Leer más: Un huevo de dinosaurio de 70 millones de años revela antiguas pistas sobre su anidación

¿Quién era Wakkaoolithus godthelpi?

Hoy en día, Murgon es un pequeño pueblo rural, enclavado entre tierras de cultivo y matorrales. Según los investigadores, hace cincuenta y cinco millones de años, la zona habría estado cubierta de pantanos rodeados de frondosos bosques.

El modesto pozo de arcilla donde se encontraron las cáscaras de huevo alguna vez fue un pantano o lago poco profundo y ahora es uno de los sitios de fósiles más antiguos del país.

Los paleontólogos han estado excavando el pozo durante más de cuatro décadas.
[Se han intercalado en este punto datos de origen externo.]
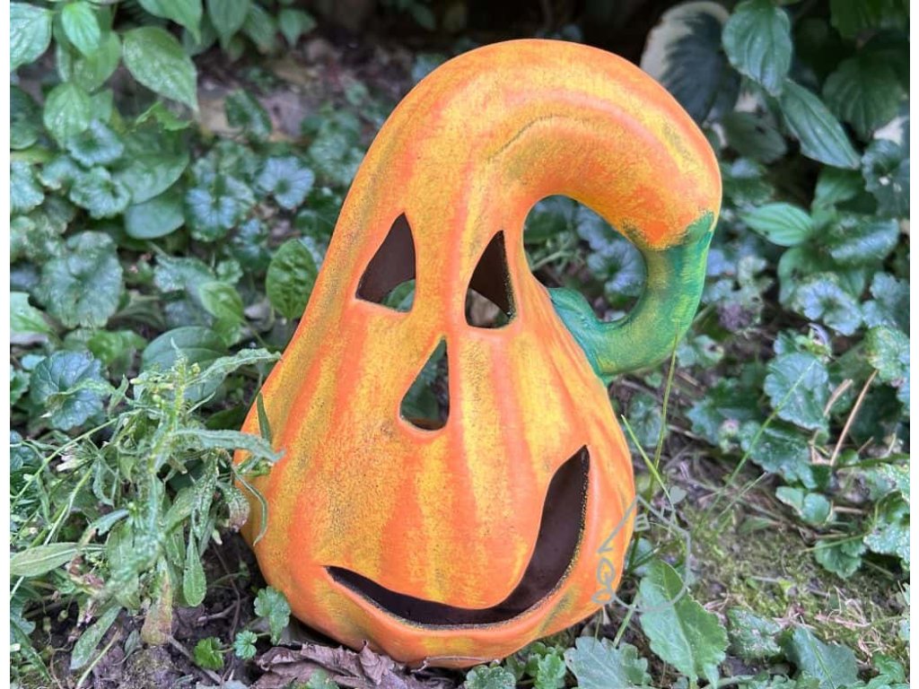 Dýně je vyrobená z mrazu odolné keramiky. Je vysoká 19 cm.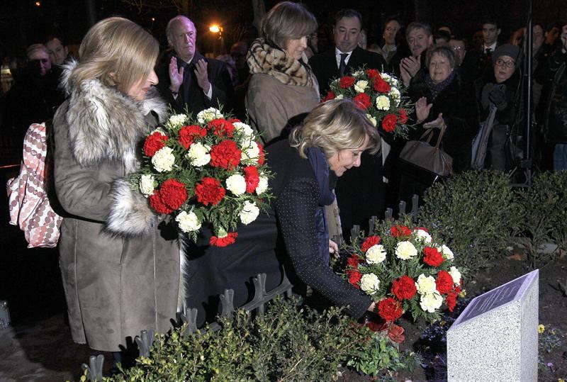 Tras las palabras de Iribar, ella misma, acompañada por su cuñada, la hermana del concejal asesinado Consuelo Ordóñez, y la expresidenta regional depositaron un ramo flores junto a la placa que recuerda en el parque al político donostiarra, colocada junto a un roble que fue plantado el día que los jardines cambiaron de nombre.
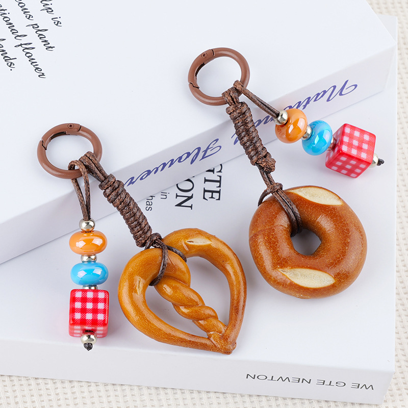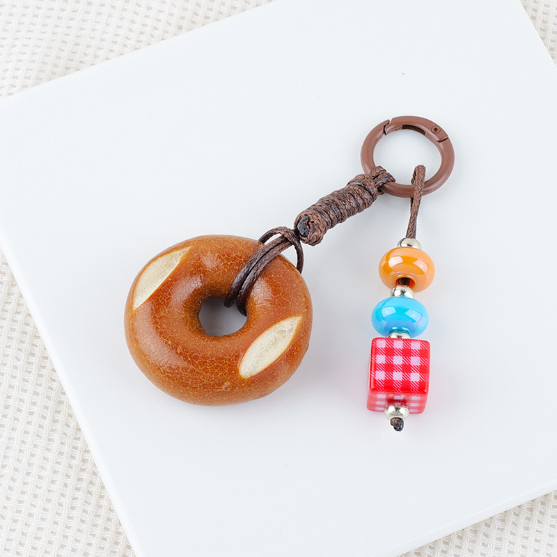 창의적인 시뮬레이션 음식 모양 키 체인 하트 모양의 부리 토 베이글 컬러 구슬 스퀘어 슈퍼 귀여운 펜던트 패션 올 매치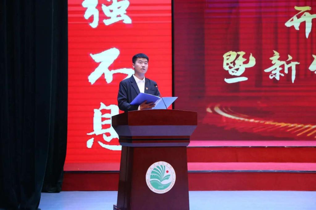 在校生代表李镔翰发言,分享了自身两年多的学习心得与员工组织工作经历,鼓励新同学以积极心态把握机会、珍惜时间、不断提升自己,为新同学开启老员工活助力。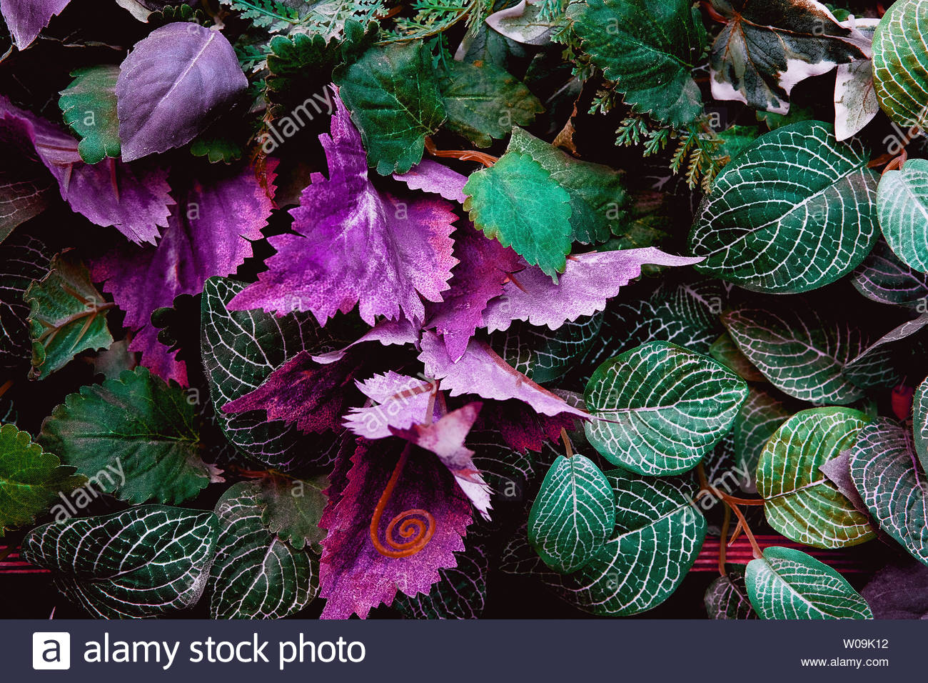 Artificial Abstract Green And Purple Tropical Leaves Texture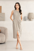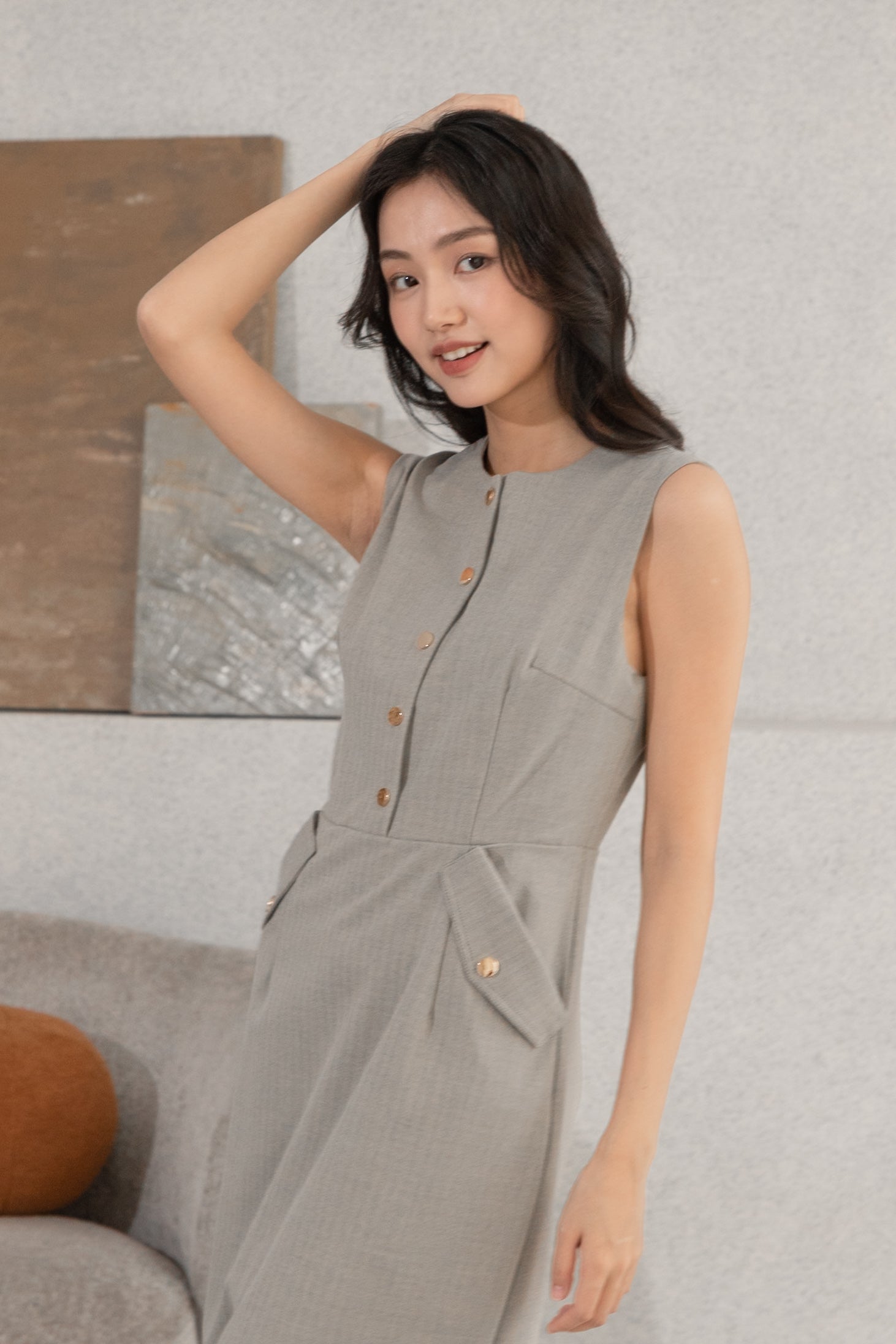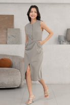 Gavin gold buttons grey midi dress

Las excavaciones han llevado al descubrimiento de lo que puede ser el pájaro cantor más antiguo conocido en el mundo y el murciélago más antiguo del hemisferio sur, sin mencionar una gran cantidad de otra fauna, incluidas salamandras, marsupiales antiguos y tortugas.
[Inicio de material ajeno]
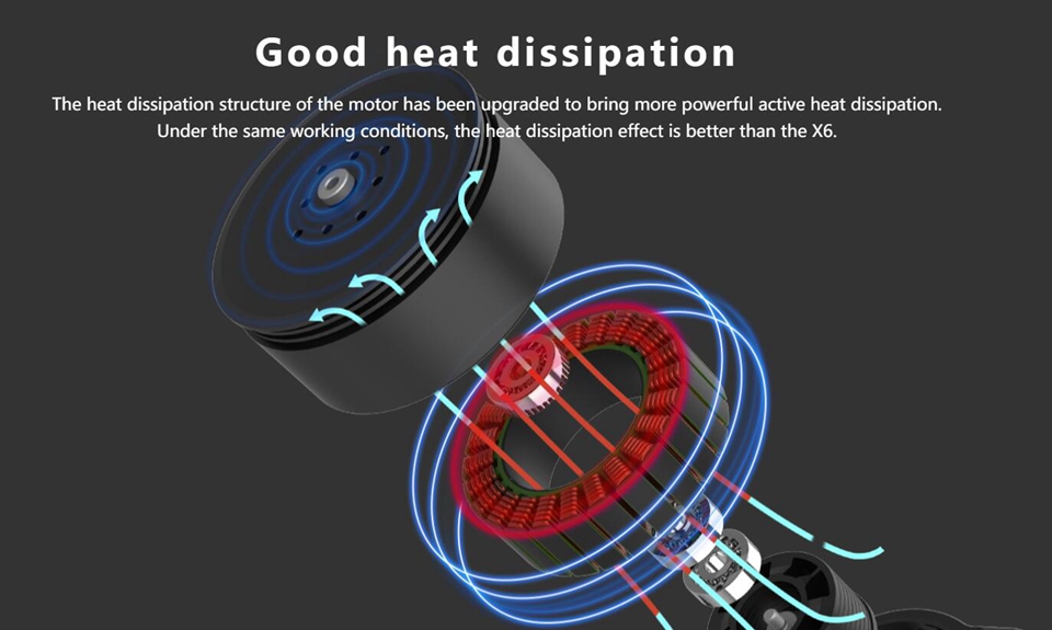 - The heat dissipation structure of the motor has been upgraded to more powerful active heat dissipation.
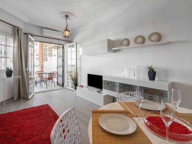 Casa de apartamentos "Pueblo Quinta", bonito, agradable. Benalmadena Costa, lugar céntrico, en el corazón de la ciudad, a 50 m del mar, a 50 m de la playa, cruzando la calle. Comunitario: jardín con césped, 2 piscinas (120 - 180 cm de profundidad, Disponible por temporada: 01.Ene. - 31.Dic.). Ducha/WC en zona de piscina. Tienda 10 m, restaurante, playa de arena 50 m. Puerto deportivo 1.5 km. Atracciones en los alrededores: Junto al Parque de la Paloma, Puerto Marina 1.5 km, Sea Life, Selwoo Marina. A tener en cuenta: sin ascensor. El propietario no acepta grupos de adolescentes/jóvenes. Vecindario muy sensible a ruidos. Se ruega respetar la tranquilidad y normas de buen comportamiento. No se permiten grupos de gente joven. No recomendable para personas con mobilidad reducida.Garage extra: 45eur plaza 38.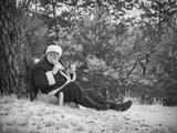 Santa Claus rest and drinking hot coffee with big gingerbread.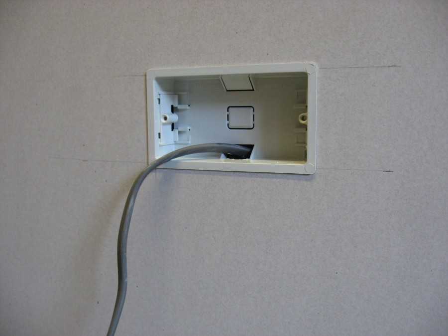 - При установке плит ГКЛ на клей прокладка кабеля осуществляется по штробам, вырезаемым в поверхности, а место для подрозетника выдалбливается.

Para este estudio, los investigadores examinaron la microestructura de 12 cáscaras de huevo recolectadas originalmente en la década de 1990. Su análisis revela que los elementos de las cáscaras de los huevos muestran una mayor similitud con los de los caimanes y caimanes que con los de los cocodrilos modernos, pero contienen diferencias notables con los tres.

Desde entonces, el tipo de cáscara de huevo se ha denominado Wakkaoolithus godthelpi, en reconocimiento al pueblo de las Primeras Naciones Wakka Wakka en cuyas tierras se encontraron las cáscaras de huevo, y Henk Godthelp, en honor a su participación en el sitio de Murgon. El nombre también proviene del latín, específicamente “oolithus”, que combina las palabras latinas para huevo (“óvulos”) y piedra (“lithus”).
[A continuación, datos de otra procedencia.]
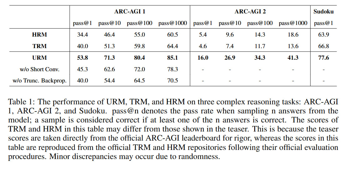 Interestingly, the scores differ noticeably from the scores in the HRM/TRM papers. For example, for Sudoku, the HRM and TRM results were 87.4/74.7 (TRM had two different versions, with MLP and SA) and 55.0 respectively. Here in the paper, the scores of these models are 63.9 and 66.8, which is interesting because, first, it’s noticeably less for TRM, and second, the difference between them became extremely small. URM has a score of 77.6, which is higher than the TRM/HRM numbers from the current work but lower than the original TRM work. On ARC-AGI-2, here HRM is generally higher than TRM, which was obviously different in the TRM paper, and also different in the picture from the beginning of the paper, where they explicitly say they took the numbers from ARC-AGI.
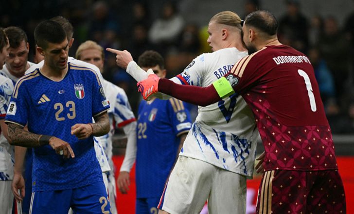 ארלינג הולאנד הוביל את נורבגיה לניצחון מרשים 1:4 על איטליה בסן סירו, כשכבש שני שערים תוך שתי דקות בלבד והבטיח לנבחרתו העפלה מושלמת לגביע העולם לראשונה מזה 28 שנה. במהלך החצי הראשון של המשחק, הולאנד שהיה מתוסכל מההגנה האיטלקית התעמת עם ג'יאנלוקה מנצ'יני עד כדי כך שחברו לקבוצה, דונארומה, נאלץ להתערב ולהחזיק אותו.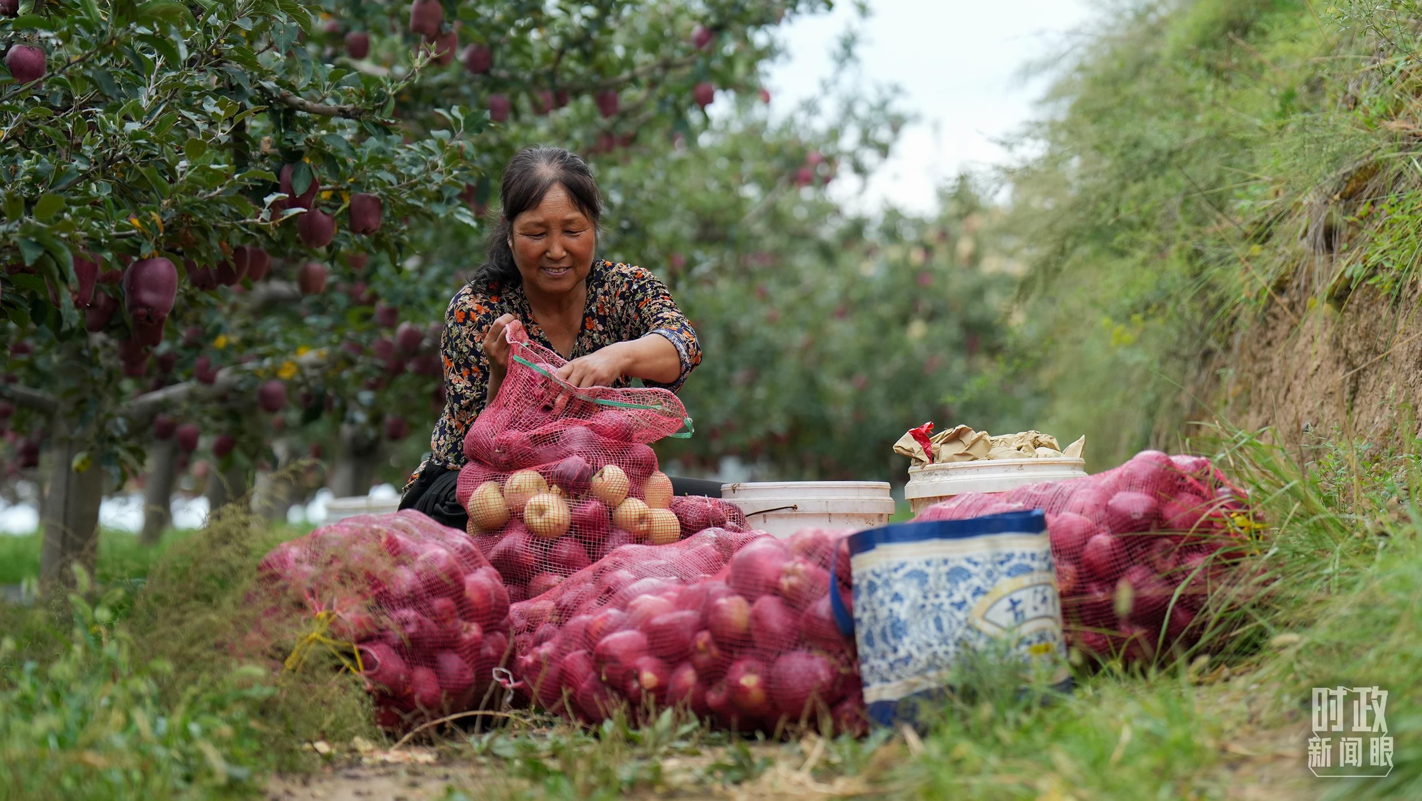 甘肅天水的花牛蘋果已經(jīng)成為當(dāng)?shù)厝罕姷摹吧鷳B(tài)果”“致富果”。(總臺記者李晉拍攝)

Mekosuchines: antiguos parientes de los cocodrilos modernos

Los mekosuquinos prosperaron en lo que hoy es Australia y dominaron el paisaje mucho antes de que aparecieran los cocodrilos modernos. Australia, que entonces todavía estaba unida a la Antártida y América del Sur, albergaba varias especies, desde Mekosuchus inexpectatus hasta especies que pueden haber sido semiarbóreas (lo que significa que pasaban parte de su vida en los árboles), como Trilophosuchus rackhami.

“Algunos también eran aparentemente, al menos en parte, ‘cocodrilos caídos’ semi-arbóreos”, dijo el profesor Michael Archer, paleontólogo de la UNSW, en un comunicado.

“Quizás estaban cazando como leopardos, arrojándose de los árboles sobre cualquier cosa desprevenida que les apeteciera cenar”.

Se cree que las cáscaras de huevo pertenecen a un género llamado Kambara, que se encuentran entre las primeras especies de mekosuquinos y las únicas que se sabe que existieron en el sitio fósil y sus alrededores.

Según el Museo Australiano, los miembros del género Kambara eran comedores generalistas de hocico ancho que se alimentaban de pequeños vertebrados, incluidos mamíferos y tortugas. Los investigadores describen a los cocodrilos como “depredadores de emboscada semiacuáticos”.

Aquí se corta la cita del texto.